‘Nice to feel like a million bucks’: Restaurant workers get free wedding dresses in Virginia Beach

‘Nice to feel like a million bucks’: Restaurant workers get free wedding dresses in Virginia Beach

Zoie Henry was glowing the minute she put the dress on.

Henry was one of 10 brides-to-be selected for this year’s free gown giveaway for engaged restaurant workers Monday at Ava Clara Couture Bridal in Virginia Beach.

A lead bartender at Oscar’s Oceanside, a restaurant at the Oceanfront, Henry applied two weeks ago and said she cried when she heard of her acceptance.

“I was so surprised and excited,” the 25-year-old said.

Well-versed on what her ideal dress would be, Henry tried on five gowns before she said yes to the dress.

Once the veil was placed on her head, she turned to her mother, Elizabeth Dalton, and future mother-in-law, Patti Driscoll, and let the tears flow.

“You know it’s the one when you don’t want to take it off,” she said.

Henry’s choice, a stunning lace gown made by Casablanca Bridal, carried a price tag of about $2,500.

“This is not a dress I’d be able to afford,” she said. “My budget was around $500.”

Henry’s 2-month-old son, Ozzy, napped peacefully in the dressing room as his mother checked off a major item on her to-do list before her wedding in October 2023 to Ozzy’s father, Robbie Driscoll.

“It’s challenging to plan a wedding. At least this piece of stress is off her plate,” Dalton said.

In the restaurant industry for nine years, Henry knows all too well the stresses that come along with it. At the start of the pandemic, the bar she worked at closed for three months, and she struggled to find another job to make ends meet.

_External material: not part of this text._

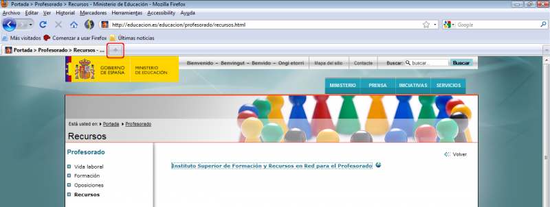 Ahora puedes escribir la dirección en la barra de herramientas de navegación, manteniendo en la primera pestaña la página de recursos del Ministerio.

That’s precisely what led Alex Fleear, owner of Ava Clara Couture Bridal, to focus her nonprofit Tulle 4 All on engaged restaurant workers for this year’s giveaway.

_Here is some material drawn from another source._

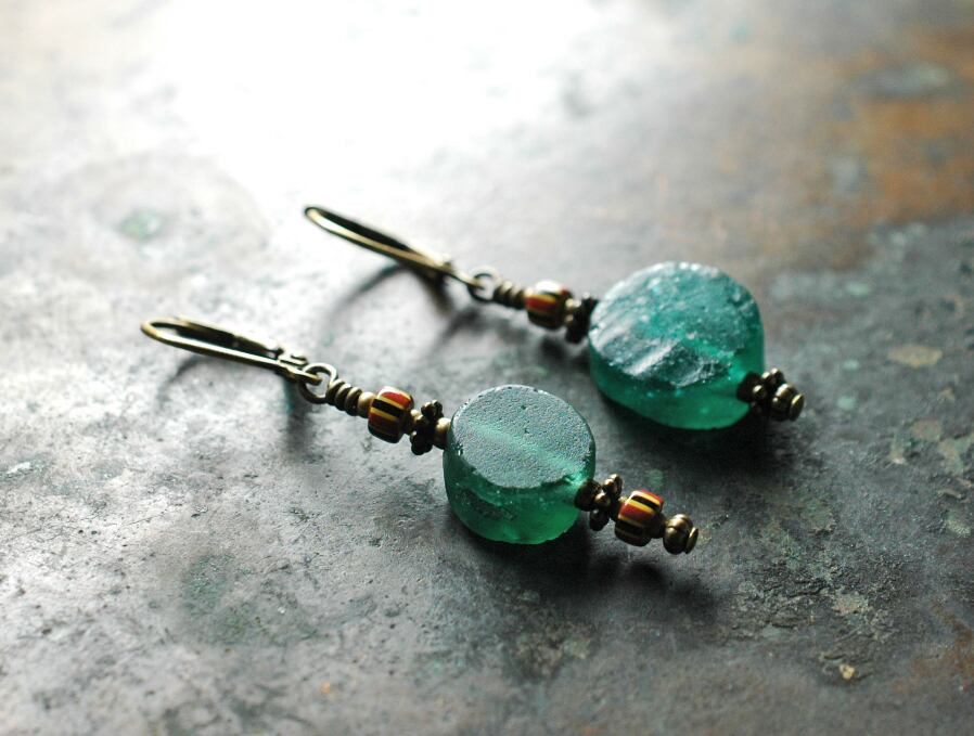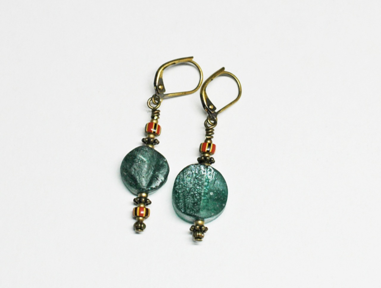 丸いローマングラスと、ストライプのベネチアビーズを繋いだピアスです。

In business for 13 years, she said she established the organization a month before the pandemic started. The event focused on health care professionals in 2020 and teachers in 2021.

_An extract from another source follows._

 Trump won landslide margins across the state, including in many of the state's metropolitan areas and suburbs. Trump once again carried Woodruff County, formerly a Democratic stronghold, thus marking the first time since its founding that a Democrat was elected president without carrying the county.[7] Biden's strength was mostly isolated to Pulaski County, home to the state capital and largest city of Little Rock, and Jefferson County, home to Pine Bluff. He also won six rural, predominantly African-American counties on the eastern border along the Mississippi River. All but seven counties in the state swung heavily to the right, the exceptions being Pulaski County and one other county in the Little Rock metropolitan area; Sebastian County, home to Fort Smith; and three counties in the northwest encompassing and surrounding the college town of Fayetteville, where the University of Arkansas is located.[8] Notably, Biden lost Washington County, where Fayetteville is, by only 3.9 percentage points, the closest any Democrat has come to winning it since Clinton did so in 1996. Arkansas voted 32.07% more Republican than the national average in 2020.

“We want to say thanks,” she said of the restaurant workers. “It’s a tough field … especially with COVID and them not knowing if they were going to have a job. I know so many businesses have closed. These girls are tough.”

Hallie Spengler, a server at Big Sam’s Inlet Cafe and Raw Bar in Virginia Beach, said the small family-owned business shut down for a few months at the start of the pandemic.

“I found another job in the meantime, but it was not the same type of money I was making before,” she said.

When they reopened, a makeshift dining area was set up in the restaurant’s parking lot.

“It made me a stronger server,” she said.

Prepared to find the perfect gown for her wedding next year to her fiance Cody Hall, Spengler said she cannot wait until the day they say, “I do.”

The couple, engaged at the Eiffel Tower in Paris, set their big day for Oct. 6 at the Lesner Inn in Virginia Beach.

Spengler’s mother, Kelly Ordille, and stepmother, Carly Spengler, shared in the morning’s emotional event.

“You look beautiful in all of them,” Ordille said.

But, Spengler made up her mind and kept going back to the same dress.

Graduating in December from Old Dominion University with a bachelor’s degree in biomedical sciences, Spengler said the free gown is an incredible gift that helps to alleviate some financial stress.

Henry agreed and said money is tight, but their small intimate wedding will be magical no matter what.

“It will be nice to feel like a million bucks,” she said. “Even if we don’t have a dime.”